My first recollection was awakening in a completely white room with nothing more than a crucifix on the wall opposite my bed and what appeared to be a corpse in the only other bed next to me.
I've been very lucky to have had some excellent care from my diabetes team - but on occasion I've had to fight to ensure this was maintained.
My first consultant sadly died suddenly and far too prematurely several years ago, and I am now looked after by another consultant. We didn't get off to the best start though - I wrote several letters complaining about the outpatient arrangements adopted by the Trust soon after he arrived in post but he responded to these very sympathetically and effectively - I won't bore you with the details but it was the funding of care which was the issue, not how Dr Kumwenda tried to manage his shockingly meagre resources.
I used to go to the clinic for several hours - I'd see the Diabetes Nurse, a Dietician, and then at least one doctor. I'd be tested, my feet would be examined, my eyes checked, blood ad urine taken, interrogated as to my care regimes and after several hours would I be allowed out.
This was all I knew, so when a more streamlined arrangement came in I interpreted this as being less care. I now know that the specialist clinics that were being introduced some years ago were designed to still check me over thoroughly but because they were on different days and different locations - I see a different specialist for my eyes, feet and general care - I felt that the care was being reduced.

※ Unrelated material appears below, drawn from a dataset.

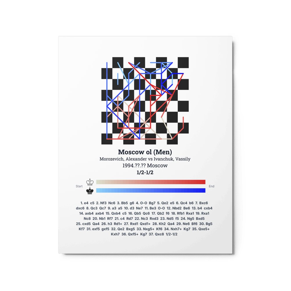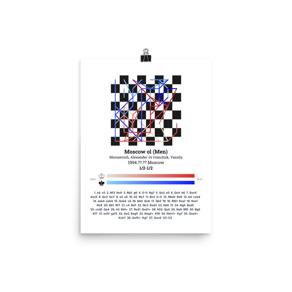 Museum-quality poster on thick, durable matte paper. A sharp, clean look for any chess visualisation.

I still stand up for myself though - my most recent 'Mr Angry of Wales' letter was to the Trust regarding my podiatric care. Again, this was resolved very well - it was basically less than clear communication between the Trust and GP surgeries clouding the issue and I was told I'd have to seek private podiatric care which was inaccurate - but the Head of Podiatry Mr Harmes arranged to meet me in person and again all is well. He was very helpful and I'm now back to receiving excellent foot care from his team.
So far, I've had no problems with my diabetes. I test around 6-8 times a day, eat carefully, always attend my check-ups, and I ensure the care I receive is the best which I can access (see my references to letters of complaint above if I feel differently but also note the underlying reason is usually just poor communication rather than poor clinical care).

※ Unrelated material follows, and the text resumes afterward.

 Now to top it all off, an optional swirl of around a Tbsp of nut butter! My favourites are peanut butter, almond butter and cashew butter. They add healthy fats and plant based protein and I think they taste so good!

I worry that the key to this, in my opinion the ability to test and adjust regularly during the day - is being eroded by the squeeze of funding streams - but after almost three decades of living with diabetes can only look back at those early years and wonder at the leaps forward in care and equipment.

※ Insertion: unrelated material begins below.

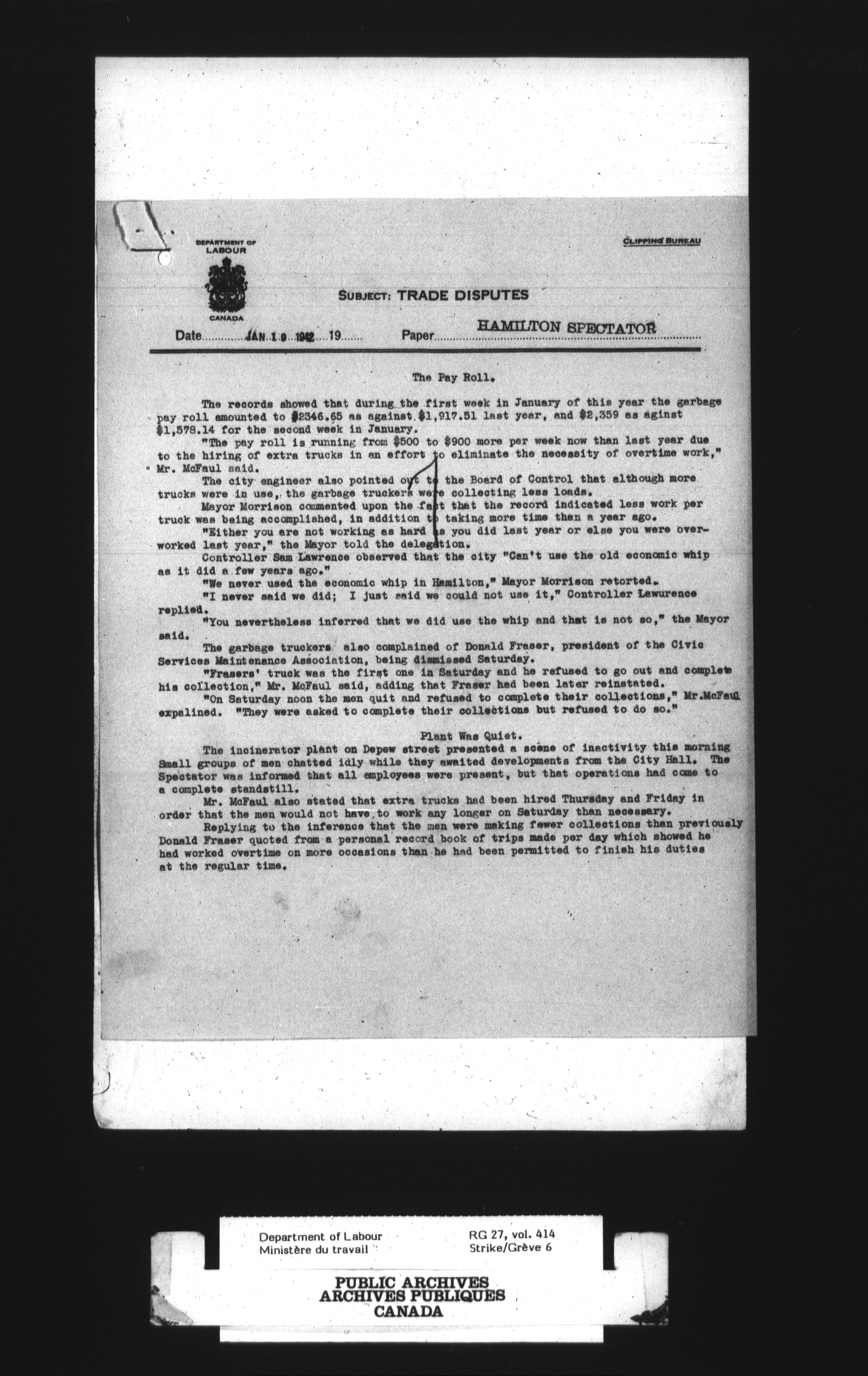 Department of Labour, Economics and Research Branch : Strikes and lockout files - 3021

I use a combination of long-acting Lantus insulin once a day and boosts of Novorapid for each meal. My blood monitor is the new and rather excellent Accu-Check Mobile device and I must extend a big thank you to my healthcare team - neither of whom have denied me any access to the care I feel is critical to successfully managing this condition.
I can only hope that the need to have access to blood test strips as often as a patient needs them is maintained - I'm still skiing, so it must be working!